THE TASK: What is needed is an exact transcription of the listing, with the images removed.

########################################

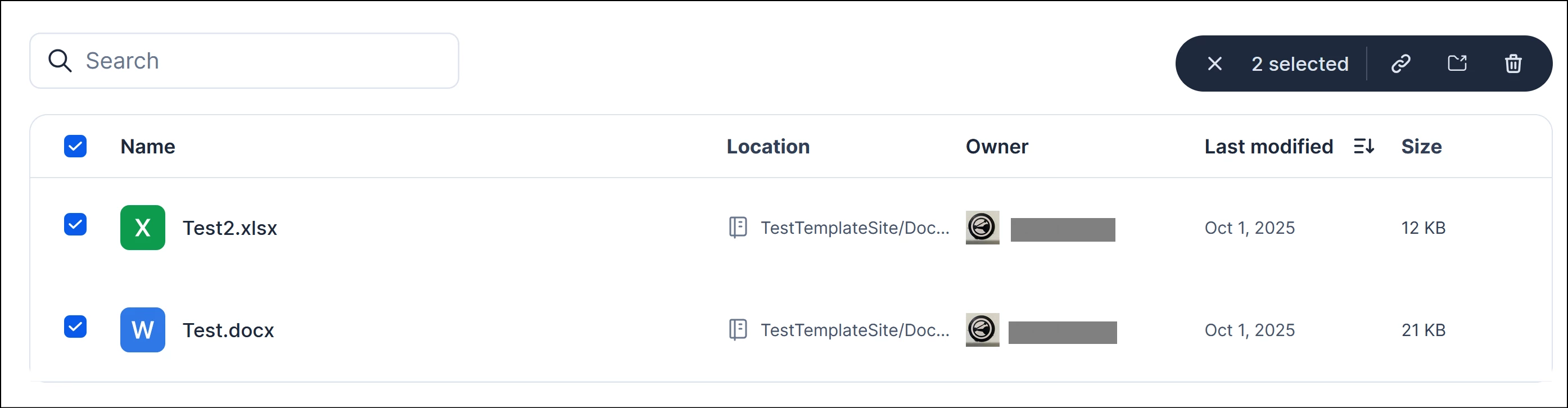 Administrators can select multiple files at once and apply bulk actions to manage content at scale efficiently.
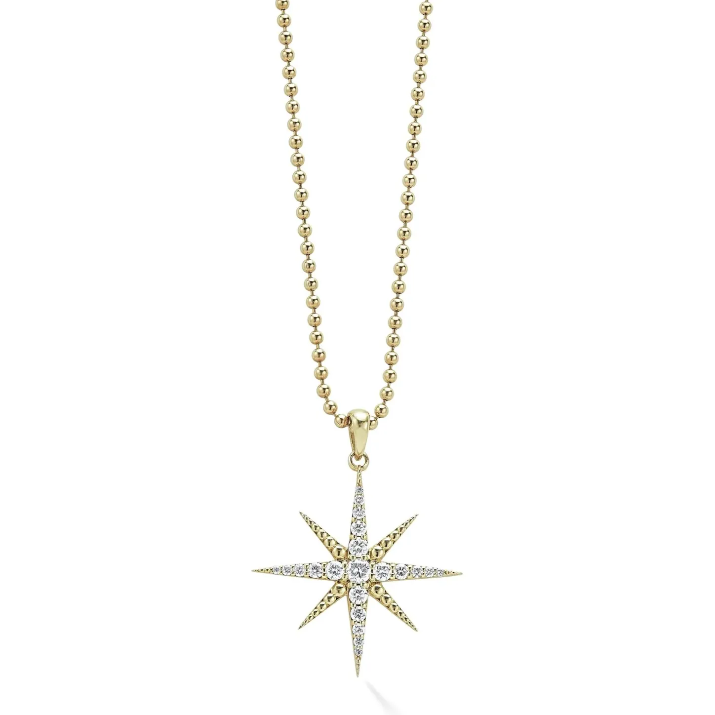 - One 18K Gold Caviar Beaded North Star Pendant Finished On An Adjustable 16 To 18 Inch Ball Chain Necklace.
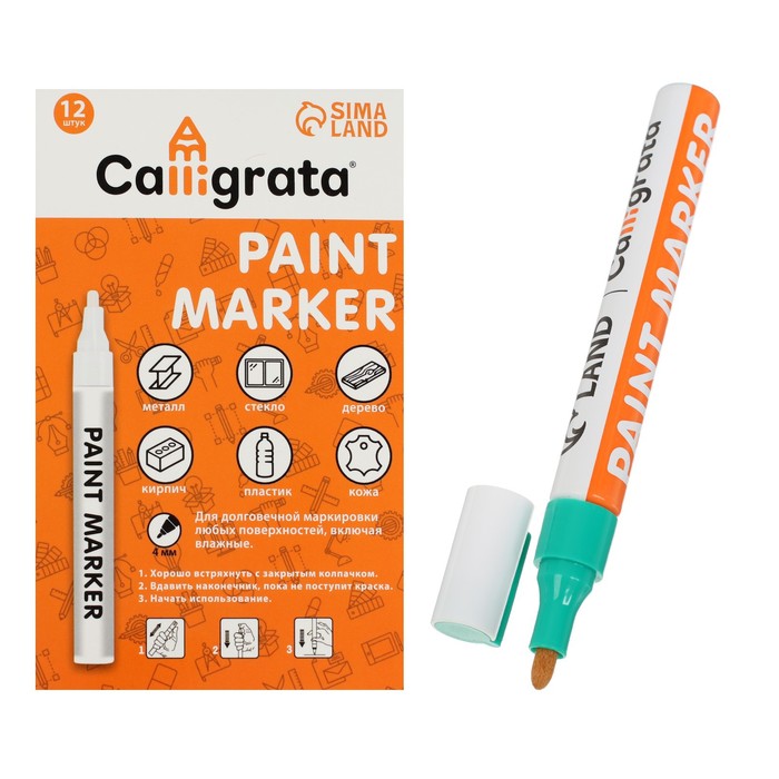 Маркер-краска, лаковый наконечник, пулевидный 4 мм, ширина линии 2.5 мм, зеленая, цена за 1 штуку
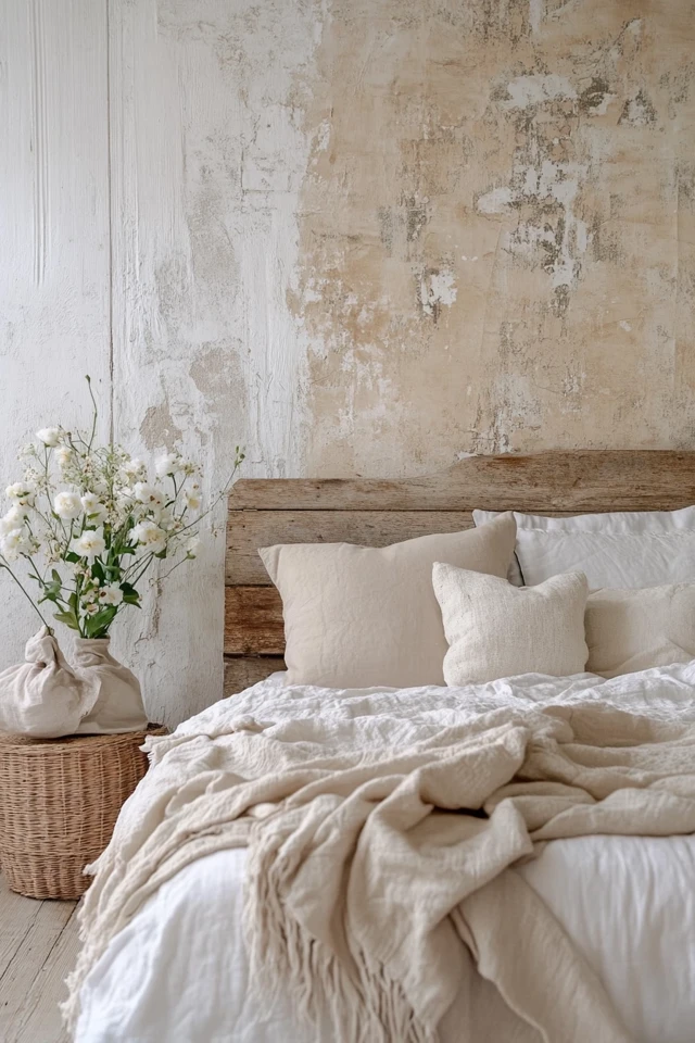 Natural textures add warmth and depth to your farmhouse bedroom.
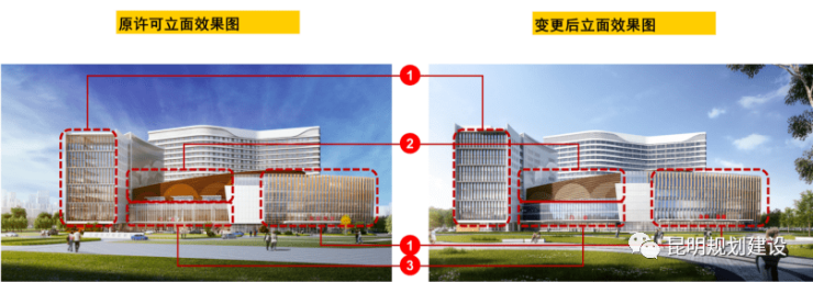 公卫楼:公卫楼层数由4层改为3层,1层层高由5米更改为5.4米,建筑高度由20.95米调整为16.7米;建筑面积由3835平方米调整为2738. 4平方米,减少1096.6平方米,建筑外立面将玻璃幕墙调整为条形窗。
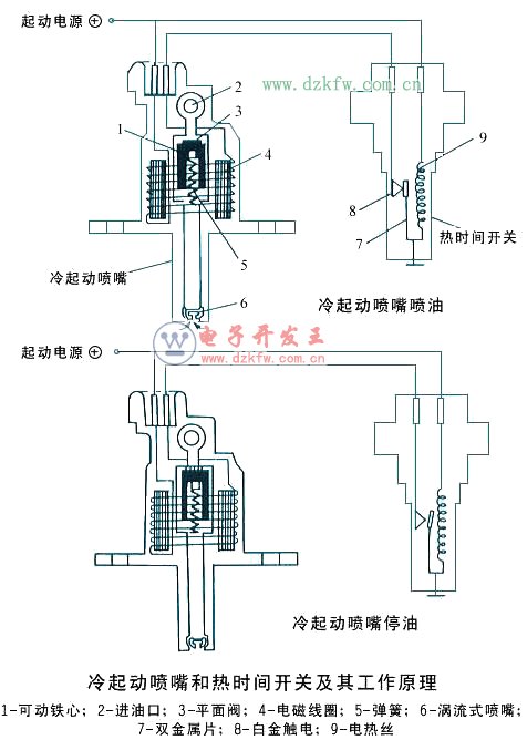 冷起動噴嘴的功用 是當發動機 低溫起動時,向進氣管噴入一定數量附加的汽油,以加濃混合氣。冷起動噴嘴也是一個電磁閥,故又稱冷起動閥。冷起動噴嘴的開啟和持續噴油的時間取決于發動機 的溫度,并由熱時間開關控制。冷起動噴嘴安裝在進氣管上,熱時間開關裝在機體上并與冷卻液接觸。

########################################

EXERCISE RESPONSE:
 Administrators can select multiple files at once and apply bulk actions to manage content at scale efficiently.
 - One 18K Gold Caviar Beaded North Star Pendant Finished On An Adjustable 16 To 18 Inch Ball Chain Necklace.
 Маркер-краска, лаковый наконечник, пулевидный 4 мм, ширина линии 2.5 мм, зеленая, цена за 1 штуку
 Natural textures add warmth and depth to your farmhouse bedroom.
 公卫楼:公卫楼层数由4层改为3层,1层层高由5米更改为5.4米,建筑高度由20.95米调整为16.7米;建筑面积由3835平方米调整为2738. 4平方米,减少1096.6平方米,建筑外立面将玻璃幕墙调整为条形窗。
 冷起動噴嘴的功用 是當發動機 低溫起動時,向進氣管噴入一定數量附加的汽油,以加濃混合氣。冷起動噴嘴也是一個電磁閥,故又稱冷起動閥。冷起動噴嘴的開啟和持續噴油的時間取決于發動機 的溫度,并由熱時間開關控制。冷起動噴嘴安裝在進氣管上,熱時間開關裝在機體上并與冷卻液接觸。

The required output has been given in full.